Islamabad (dpa/AP) – Schwere Überschwemmungen wegen tagelanger sintflutartiger Regenfälle und eines Dammbruchs haben im Südwesten Pakistans Hunderte Menschenleben gefordert. Der Regen ließ gestern erstmals nach und erlaubte eine erste Bilanz der Katastrophe. Nach Presseberichten wurden mindestens 300 Tote gezählt. Etwa 1.000 Menschen wurden noch vermißt, ihre Überlebenschance gilt als gering. Das Hochwasser in der Provinz Belutschistan gilt als das schlimmste seit 200 Jahren.

Im Distrikt Turbat nahe der Küste war nach starken Regenfällen ein Damm gebrochen. Außerdem erreichte eine mächtige Flutwelle aus dem Iran die Region. Betroffen waren auch Dörfer im Iran und Afghanistan. Allein in Pakistan versanken 200 Ortschaften in den Wassermassen. 3.500 Häuser wurden eineinhalb Meter hoch überschwemmt und teilweise zerstört. Hilfsmaßnahmen wurden dadurch erschwert, daß Straßen und Brücken in der Region unpassierbar waren. Die meisten Telefonverbindungen sind zerstört.

Armee-Einheiten retteten mit Hubschraubern und Booten etwa 25.000 Menschen, die in Behelfslagern Zuflucht fanden. Manche Bewohner hatten sich auf Bäume gerettet, wo einige von ihnen schon seit Tagen ausharrten.

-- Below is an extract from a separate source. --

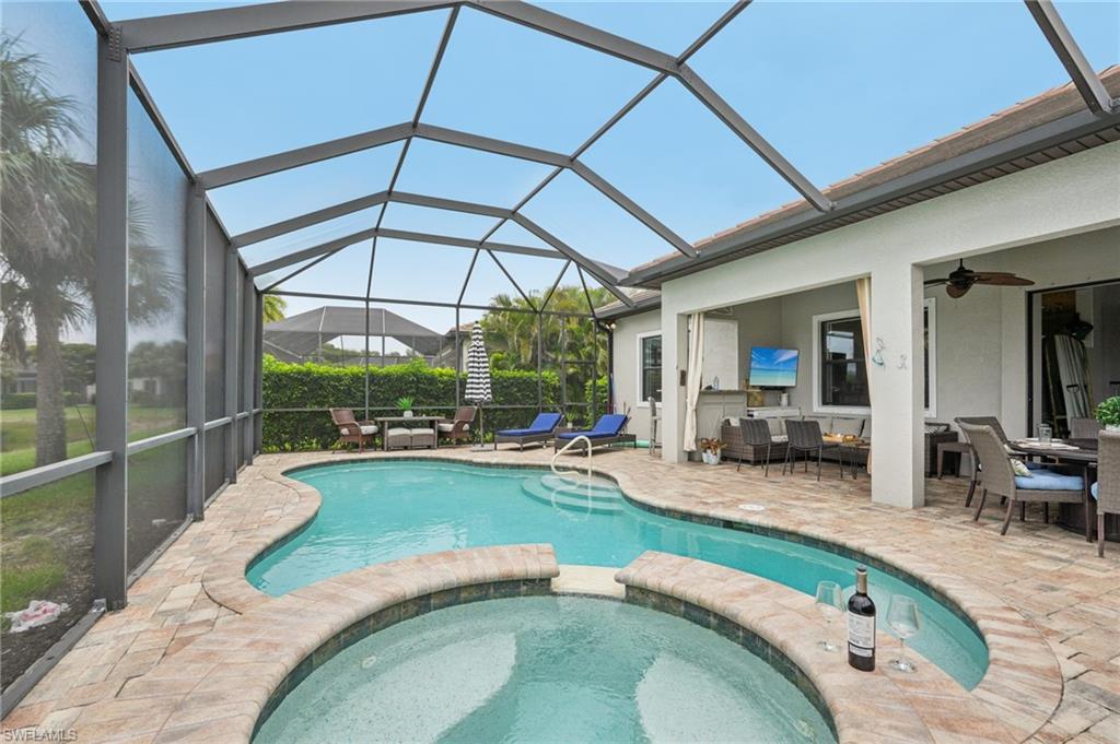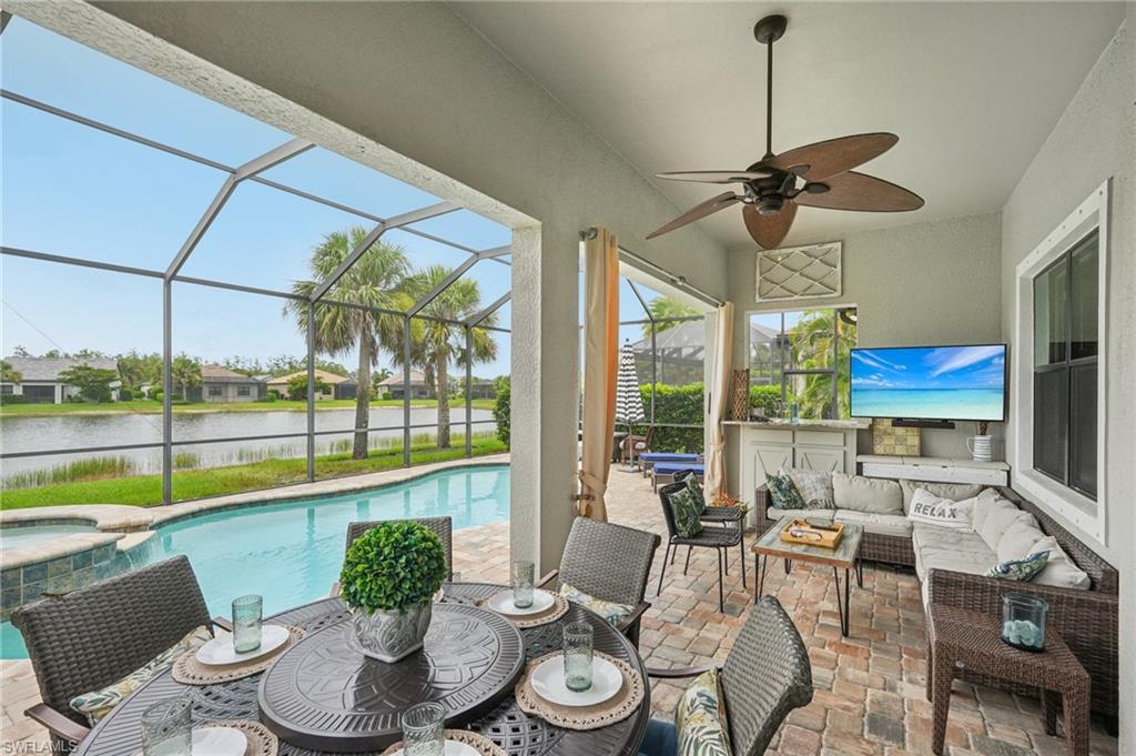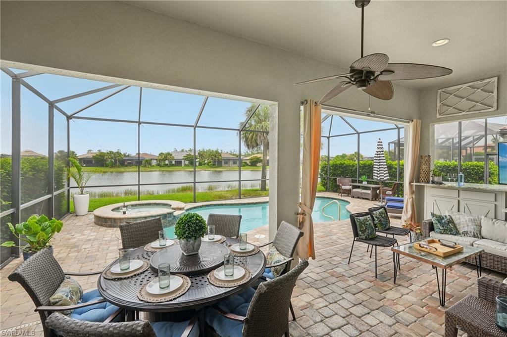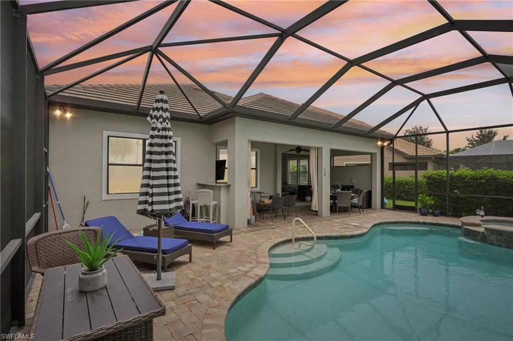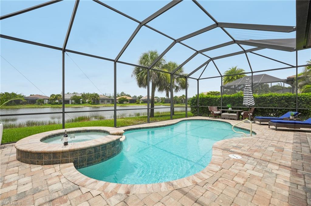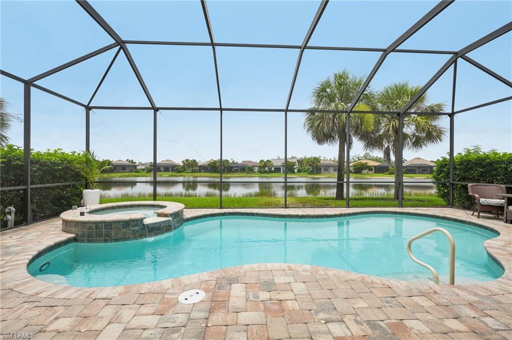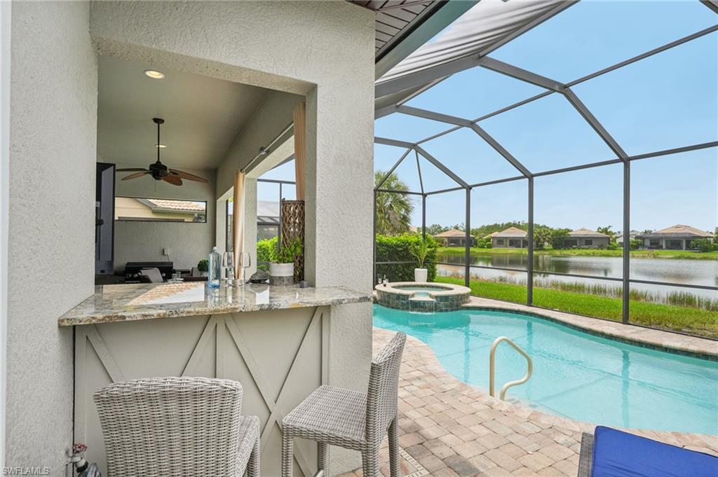 POOL+SPA HOME ON THE WATER in the resort-style community of Corkscrew Shores! This outdoor oasis home offers 3 bedrooms and a den, 2 full bathrooms. Sliding doors completely open for a total indoor/outdoor flow between main living area and outdoor oasis with bar, multiple entertainment/seating areas, and a covered+screened in patio with SALTWATER POOL+SPA. Outdoor oasis overlooks LAKE and has gorgeous sunsets! Inside, the open kitchen features quartz countertops, real-wood soft-close cabinetry, and top-of-the-line appliances. The main living areas have tile floors for easy maintenance. Upgrades include: whole home reverse osmosis water filtration system, air-conditioned garage, and custom built-ins throughout. NO FLOOD ZONE, NO CDD. Corkscrew Shores is a gated resort-style community, offering a luxurious pool/spa, Har-Tru tennis courts, pickleball courts, 24-hour fitness center, non-gas boating, kayak/canoe launch, playground, and indoor/outdoor restaurant and bar. The community is ideally situated near RSW international airport, FGCU, expansive shopping, and impressive dining.

Premierminister Navaz Sharif flog in das Katastrophengebiet, um sich einen Überblick über die Lage zu verschaffen und mit Flutopfern zu sprechen. Armee-Angehörige, die derzeit mit einer Volks- und Gebäudezählung beschäftigt sind, sollen sich an den weiteren Hilfsaktionen beteiligen.